Generation of high-value products by photosynthetic microorganisms: from sunlight to biofuels

Abstract

Oxygenic photosynthesis is the singular important chemical process providing the energy source for almost all life on earth. It harnesses and stores sun energy in forms of high-energy intermediates, such as low potential electrons and ATP, used as energy sources primarily for the fixation of carbon from atmosphere into carbohydrates. The latter compounds supply carbon and energy to multiple anabolic processes associated with cell growth and division. In the past, photosynthesis provided significant energy storage in different forms of fossil fuels employed currently to satisfy human needs.

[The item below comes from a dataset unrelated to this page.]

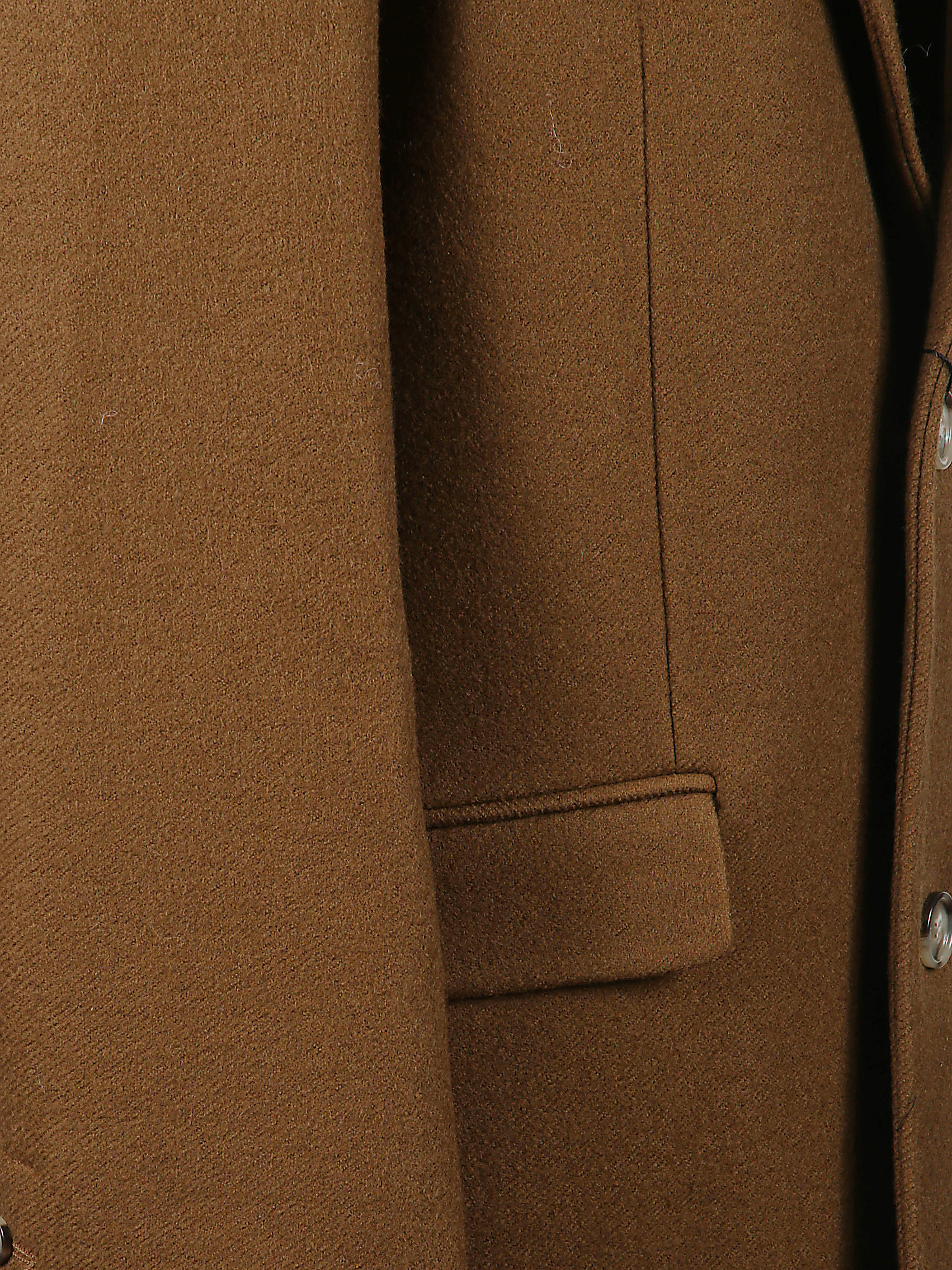 Cappotto lungo di AMI PARIS marrone in lana, caratterizzato da rever classico, tasche con patta sul fronte, taschino sul petto, chiusura con bottoni, polsini con bottoni e spacco sul retro.

With the increasing human population and expanding economy, there is a constant increase in consumption of limited fossil fuel reserves accompanied by the growing greenhouse gas emissions. Alternatively, photosynthesis has been suggested to have a great potential in providing ecologically safe sustainable production of renewable fuels from unlimited sources, viz. sun, water, and carbon dioxide. In fact global photosynthesis annually stores in biomass circa 10 fold more energy than can be used to power industry. Consideration of photosynthesis as a system for large scale fuel production would require elaboration of a set of biotechnological approaches to divert the flow of photosynthetic energy for synthesis of the desired chemical compounds instead of the normally produced carbohydrates. Oxygenic phototrophic microorganisms, such as green microalgae and cyanobacteria, are attracting considerable interest within these efforts due to their high photosynthetic conversion efficiencies, diverse metabolic capabilities, modest cultivation requirements, and ability to produce variety of useful compounds, including molecular hydrogen, oils, alcohols, hydrocarbons, valuable carotenoids, etc. without going through an intermediary biomass stage. However, specific problems associated with sustainable high-yield generation of these products remain to be addressed.